## [Assignment]
Transcribe everything in the listing below exactly, except the pictures.

*** Data records ***

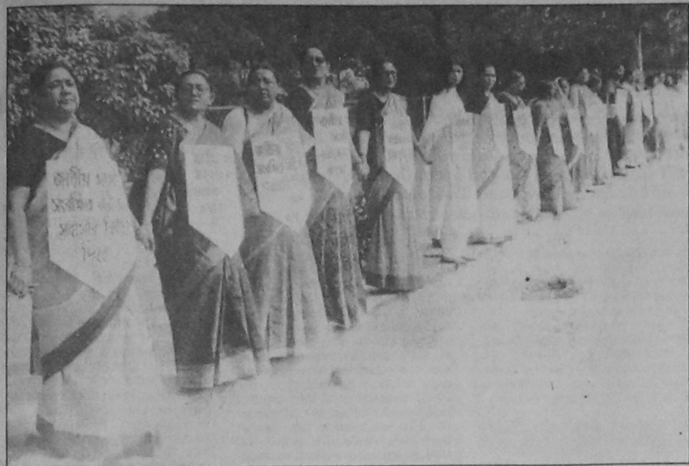
Actions committee for Increase in Number and Direct Election to Reserved Seats for Women in the Parliament organised a human chain in the city yesterday.
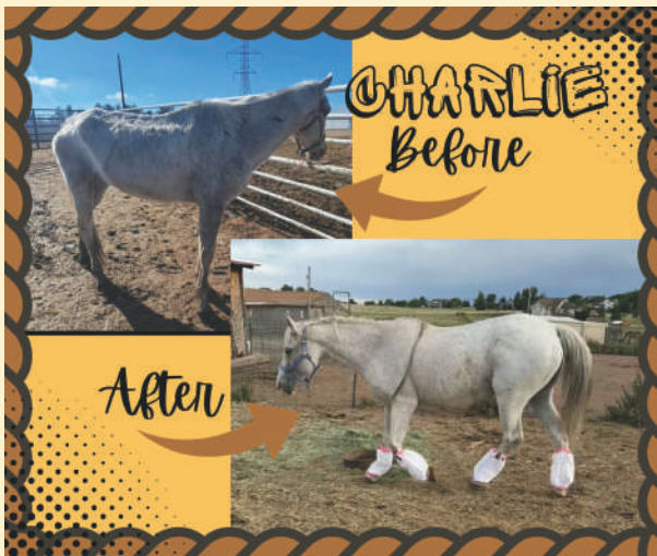
Above: Sweet but very naughty boy Charlie has captured our hearts!

While he's cooperative with basic care like handling his feet, he'll need proper training before he's ready for adoption. He's also making strides in learning to get along with other horses, and with patience and guidance, we're confident he'll continue to progress beautifully.
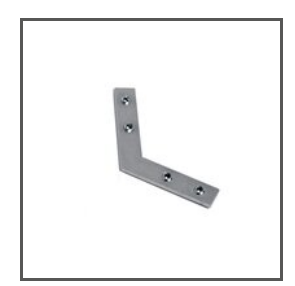
CONNECTOR ZM-NA-120 C28242N00 Ref. arch 42729
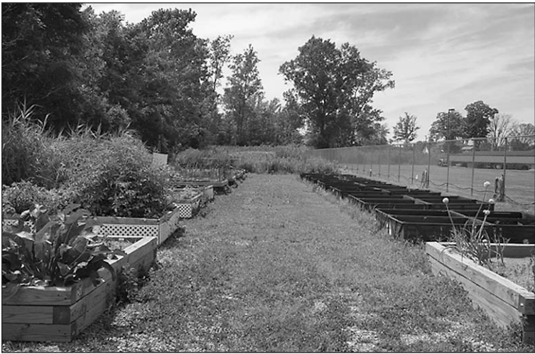
Shipping crates have been repurposed at GM's Brownstown garden.

Altogether, General Motors manages more than 5,000 acres of wildlife habitat in 14 different
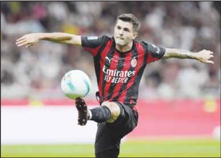
AC Milan's Christian Pulisic is in action during a Serie A soccer match between AC Milan and Cremonese, at the San Siro stadium in Milan, Italy.

NEW YORK, Aug 27, Christian Pulisic is back with the U.S. national team following his spat with coach Mauricio Pochettino. "I think it's behind us, all that happened in summer, and I think now we need to look forward," Pochettino said Tuesday after announcing his 22-man roster for friendlies against South Korea on Sept. 6 at Harrison, New Jersey, and Japan three days later at Columbus, Ohio. Pulisic, the top American player, offered to play in June friendlies against Turkey and Switzerland ahead of the CONCACAF Gold Cup but didn't want to participate in the tournament, an offer that Pochettino rejected. The 26-year-old played in about 100 club matches during his first two seasons with AC Milan and wanted an extensive break in the summer before the U.S. hosts next year's World Cup, a decision criticized by several former U.S. stars. Pochettino said he hasn't spoken with Pulisic since the flap because there was no need. He made some surprising picks for his September roster, saying this is "the last camp to have the possibility for us to see players, new faces," and maintained no World Cup starting assignments or roster spots are assured. "Player(s) need to feel the threat from your teammate," he said. "They need to defend their place in every single possibility."
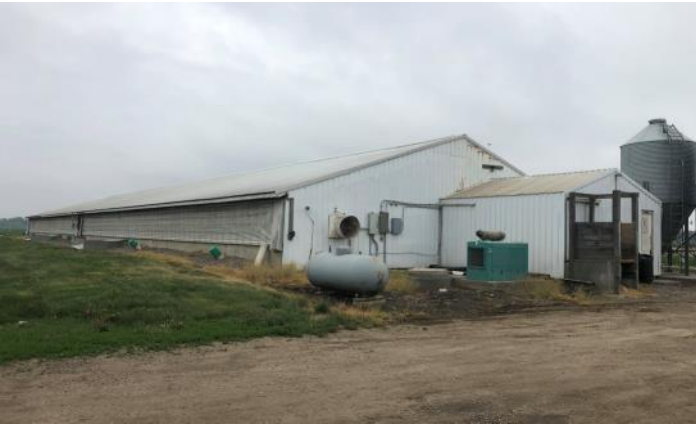
View of Site 3
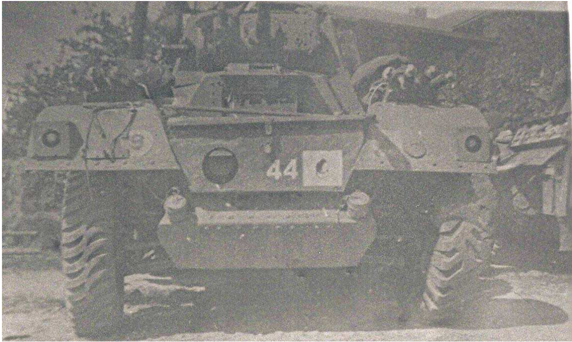
Description: Daimler armoured car 11Hussars PAO, D Squadron Circa 1944
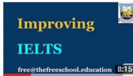
IELTS flaws : improving the design and administration policies 18 views • 2 days ago
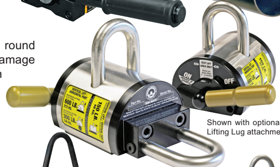
Shown with optional Vertical Lifting Lug attachment

Compact and powerful Rare Earth permanent lift magnet for use on flat or round surfaces. Contains an internal On/Off release device that does not contact or damage the surface of the part. More features than other lifts and manufactured in the USA (USA M.A.D.E.™).

*** End of Data records ***

## [Answer area]
Actions committee for Increase in Number and Direct Election to Reserved Seats for Women in the Parliament organised a human chain in the city yesterday.
Above: Sweet but very naughty boy Charlie has captured our hearts!

While he's cooperative with basic care like handling his feet, he'll need proper training before he's ready for adoption. He's also making strides in learning to get along with other horses, and with patience and guidance, we're confident he'll continue to progress beautifully.
CONNECTOR ZM-NA-120 C28242N00 Ref. arch 42729
Shipping crates have been repurposed at GM's Brownstown garden.

Altogether, General Motors manages more than 5,000 acres of wildlife habitat in 14 different
AC Milan's Christian Pulisic is in action during a Serie A soccer match between AC Milan and Cremonese, at the San Siro stadium in Milan, Italy.

NEW YORK, Aug 27, Christian Pulisic is back with the U.S. national team following his spat with coach Mauricio Pochettino. "I think it's behind us, all that happened in summer, and I think now we need to look forward," Pochettino said Tuesday after announcing his 22-man roster for friendlies against South Korea on Sept. 6 at Harrison, New Jersey, and Japan three days later at Columbus, Ohio. Pulisic, the top American player, offered to play in June friendlies against Turkey and Switzerland ahead of the CONCACAF Gold Cup but didn't want to participate in the tournament, an offer that Pochettino rejected. The 26-year-old played in about 100 club matches during his first two seasons with AC Milan and wanted an extensive break in the summer before the U.S. hosts next year's World Cup, a decision criticized by several former U.S. stars. Pochettino said he hasn't spoken with Pulisic since the flap because there was no need. He made some surprising picks for his September roster, saying this is "the last camp to have the possibility for us to see players, new faces," and maintained no World Cup starting assignments or roster spots are assured. "Player(s) need to feel the threat from your teammate," he said. "They need to defend their place in every single possibility."
View of Site 3
Description: Daimler armoured car 11Hussars PAO, D Squadron Circa 1944
IELTS flaws : improving the design and administration policies 18 views • 2 days ago
Shown with optional Vertical Lifting Lug attachment

Compact and powerful Rare Earth permanent lift magnet for use on flat or round surfaces. Contains an internal On/Off release device that does not contact or damage the surface of the part. More features than other lifts and manufactured in the USA (USA M.A.D.E.™).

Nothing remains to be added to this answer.